▸ REQUIRED ACTION: Using the records that follow, reproduce exactly the lines starting at the line containing "The bracelet features" and ending at the line containing "k8s和docker之间的关". Include both end lines and no pictures.

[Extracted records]

________________________________________

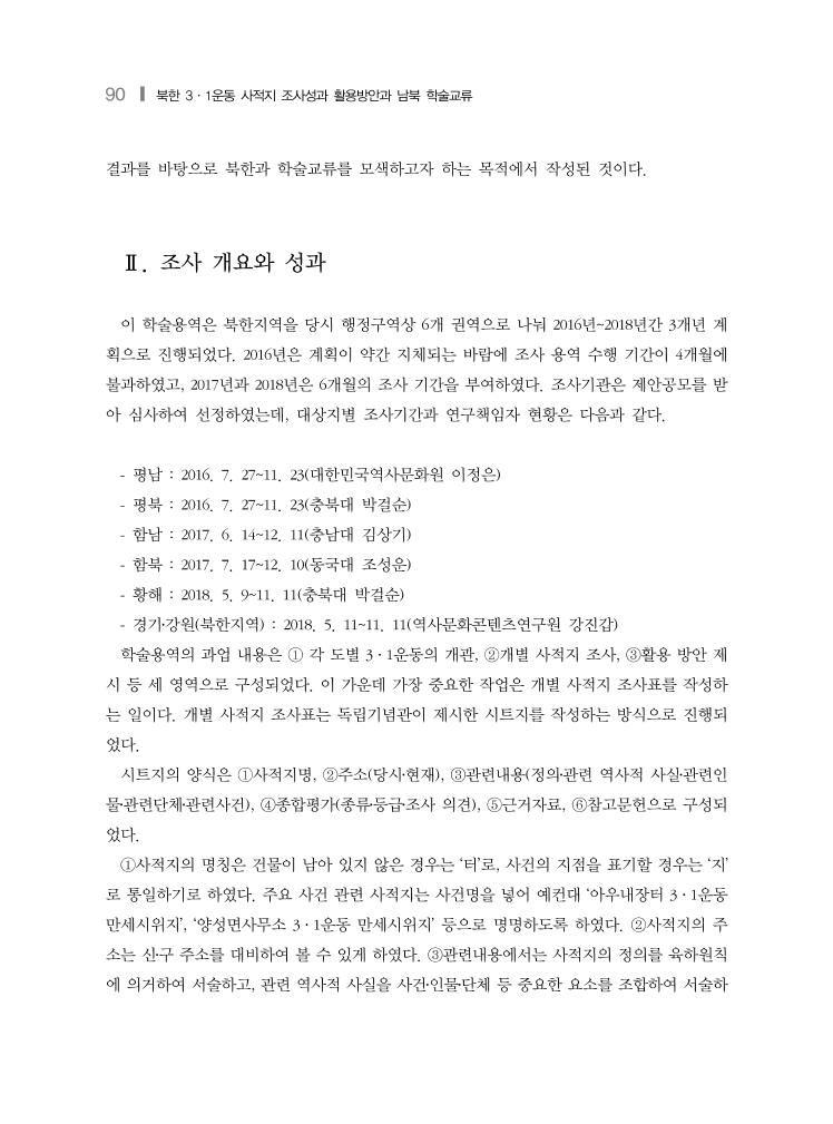 90 ❙ 북한 3·1운동 사적지 조사성과 활용방안과 남북 학술교류 결과를 바탕으로 북한과 학술교류를 모색하고자 하는 목적에서 작성된 것이다. Ⅱ. 조사 개요와 성과 이 학술용역은 북한지역을 당시 행정구역상 6개 권역으로 나눠 2016년~2018년간 3개년 계 획으로 진행되었다. 2016년은 계획이 약간 지체되는 바람에 조사 용역 수행 기간이 4개월에 불과하였고, 2017년과 2018년은 6개월의 조사 기간을 부여하였다. 조사기관은 제안공모를 받 아 심사하여 선정하였는데, 대상지별 조사기간과 연구책임자 현황은 다음과 같다. - 평남 : 2016. 7. 27~11. 23(대한민국역사문화원 이정은) - 평북 : 2016. 7. 27~11. 23(충북대 박걸순) - 함남 : 2017. 6. 14~12. 11(충남대 김상기) - 함북 : 2017. 7. 17~12. 10(동국대 조성운) - 황해 : 2018. 5. 9~11. 11(충북대 박걸순) - 경기․강원(북한지역) : 2018. 5. 11~11. 11(역사문화콘텐츠연구원 강진갑) 학술용역의 과업 내용은 ① 각 도별 3·1운동의 개관, ②개별 사적지 조사, ③활용 방안 제 시 등 세 영역으로 구성되었다. 이 가운데 가장 중요한 작업은 개별 사적지 조사표를 작성하 는 일이다. 개별 사적지 조사표는 독립기념관이 제시한 시트지를 작성하는 방식으로 진행되 었다. 시트지의 양식은 ①사적지명, ②주소(당시․현재), ③관련내용(정의․관련 역사적 사실․관련인 물․관련단체․관련사건), ④종합평가(종류․등급․조사 의견), ⑤근거자료, ⑥참고문헌으로 구성되 었다. ①사적지의 명칭은 건물이 남아 있지 않은 경우는 ‘터’로, 사건의 지점을 표기할 경우는 ‘지’ 로 통일하기로 하였다. 주요 사건 관련 사적지는 사건명을 넣어 예컨대 ‘아우내장터 3·1운동 만세시위지’, ‘양성면사무소 3·1운동 만세시위지’ 등으로 명명하도록 하였다. ②사적지의 주 소는 신․구 주소를 대비하여 볼 수 있게 하였다. ③관련내용에서는 사적지의 정의를 육하원칙 에 의거하여 서술하고, 관련 역사적 사실을 사건․인물․단체 등 중요한 요소를 조합하여 서술하
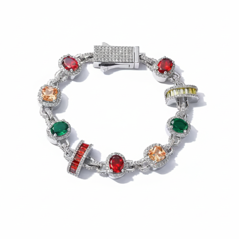 The bracelet features multicolor gemstones in red, green, and yellow, colors traditionally associated with royalty and chosen for their strength, contrast, and character.
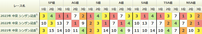 2021~2023年の中京開催のシンザン記念の3レースの数値を見るとS値とNSA値の相関関係が強い。
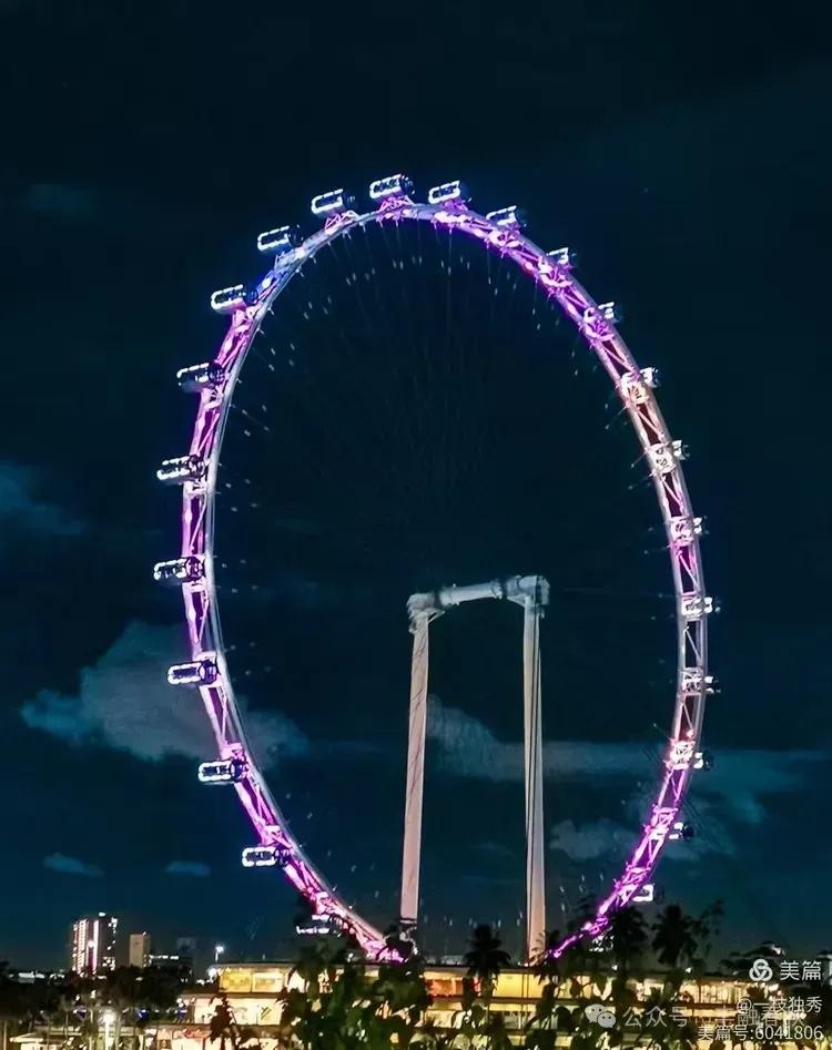 2、新加坡摩天观景轮又名飞行者摩天轮,是一个巨型摩天轮,共有28个观光客舱,高165米相当于42层楼高,比英国伦敦的“千禧眼”还要高30米。坐在这个摩天轮里,可把新加坡风光明媚的滨海湾、高耸的摩天大楼37分钟之内尽收眼底,甚至天气晴好时,马来西亚及印度尼西亚部分岛屿的大好风光亦可收入眼帘。
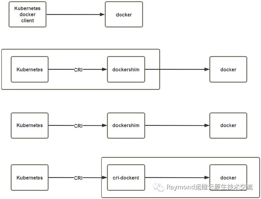 k8s和docker之间的关系,上面4张图详细的描述了k8s和docker之间的从蜜月期到后期的分道扬镳中间的分分合合的历史,首先刚开始k8s刚刚诞生的时候docker已经在市面上有很强的市场号召力,而且它基本上已经是容器的唯一选择,在市面上没有容器的其它技术所竞争,所以k8s为了使用容器被逼无奈降低身段和docker密切结合,它当时去使用docker的话采用的机制很简单就是在k8s里面内置了一个docker的客户端,docker命令实际上它就是个客户端,在系统中运行docker它会开启一个守护进程,docker命令实际上就是充当客户端的,k8s为了使用docker它就开发在k8s里边内置了一个客户端直接连接docker从而就可以使用docker的容器了,这是最早时候的状态;
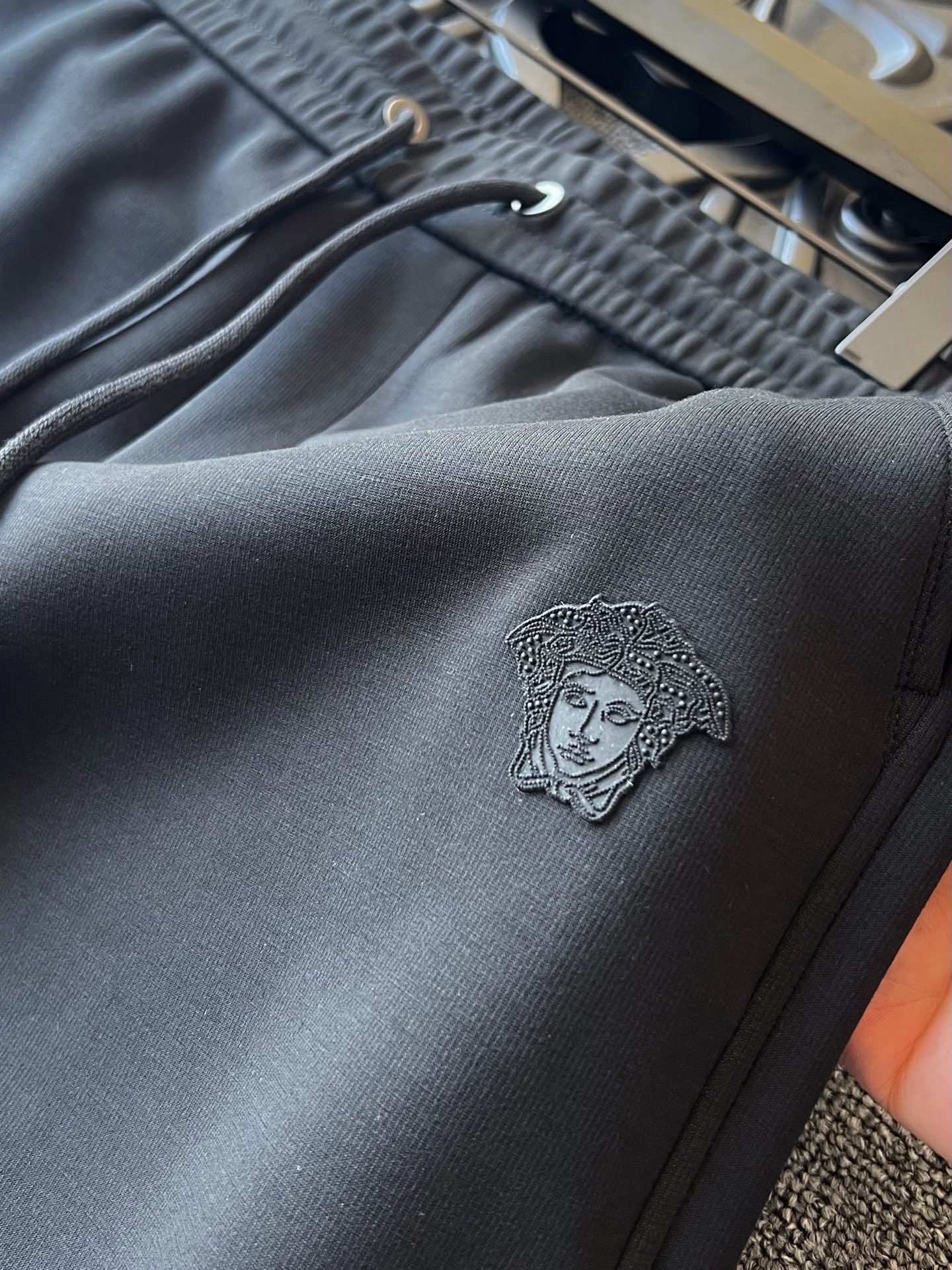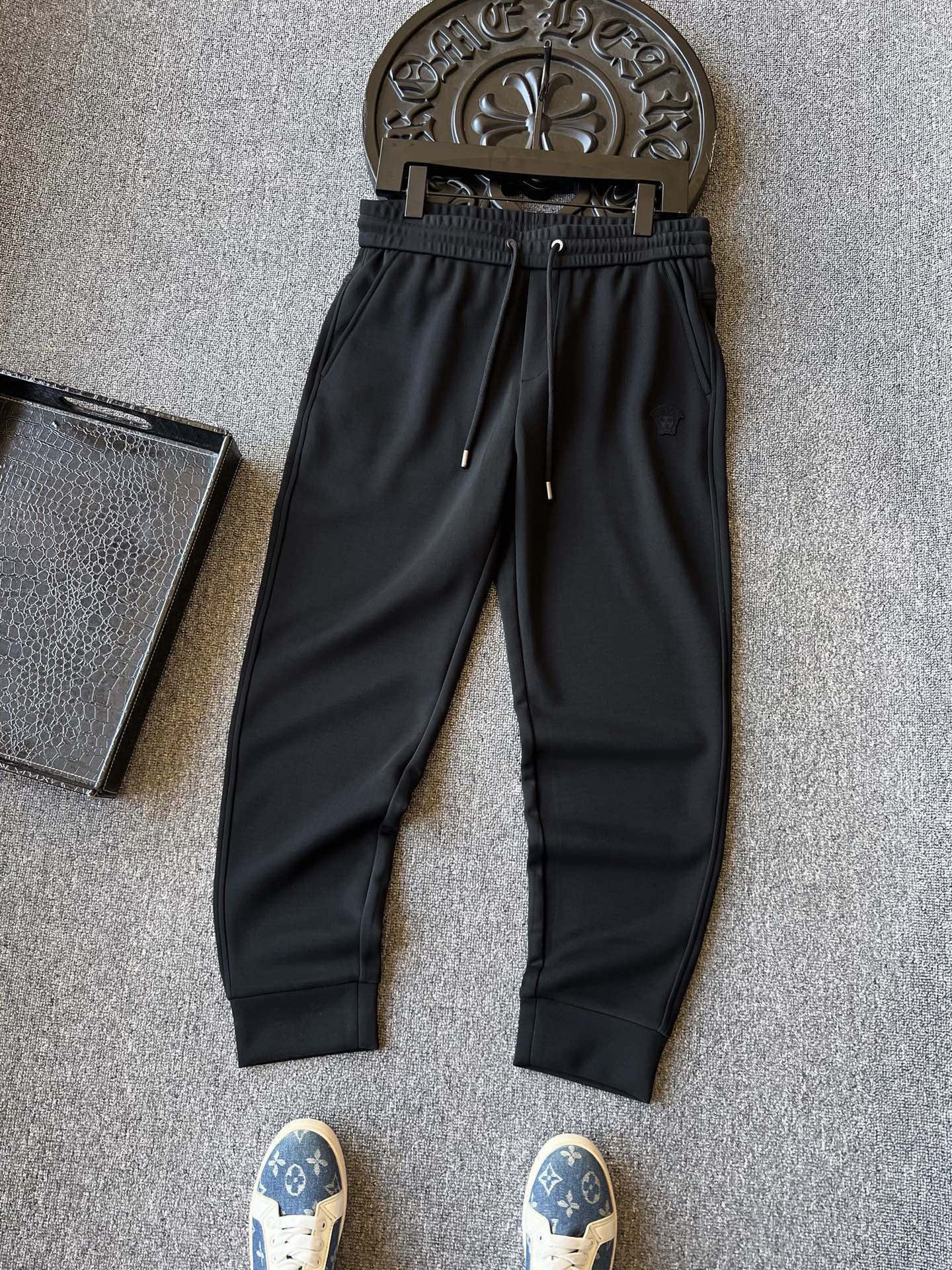 细节细节再细节 Versace家商场新款加厚莫代尔松紧束脚裤 裤前浮立体浮雕美杜莎标识硅胶小标 立体细节都雕刻的十分精致 裤后做了高频凹凸工艺配合刺绣缝线 精湛一绝 YKK代工烤漆金属件 内里全包边双包条精湛做工 业界天花板

________________________________________

▸ WRITTEN ANSWER:
 The bracelet features multicolor gemstones in red, green, and yellow, colors traditionally associated with royalty and chosen for their strength, contrast, and character.
 2021~2023年の中京開催のシンザン記念の3レースの数値を見るとS値とNSA値の相関関係が強い。
 2、新加坡摩天观景轮又名飞行者摩天轮,是一个巨型摩天轮,共有28个观光客舱,高165米相当于42层楼高,比英国伦敦的“千禧眼”还要高30米。坐在这个摩天轮里,可把新加坡风光明媚的滨海湾、高耸的摩天大楼37分钟之内尽收眼底,甚至天气晴好时,马来西亚及印度尼西亚部分岛屿的大好风光亦可收入眼帘。
 k8s和docker之间的关系,上面4张图详细的描述了k8s和docker之间的从蜜月期到后期的分道扬镳中间的分分合合的历史,首先刚开始k8s刚刚诞生的时候docker已经在市面上有很强的市场号召力,而且它基本上已经是容器的唯一选择,在市面上没有容器的其它技术所竞争,所以k8s为了使用容器被逼无奈降低身段和docker密切结合,它当时去使用docker的话采用的机制很简单就是在k8s里面内置了一个docker的客户端,docker命令实际上它就是个客户端,在系统中运行docker它会开启一个守护进程,docker命令实际上就是充当客户端的,k8s为了使用docker它就开发在k8s里边内置了一个客户端直接连接docker从而就可以使用docker的容器了,这是最早时候的状态;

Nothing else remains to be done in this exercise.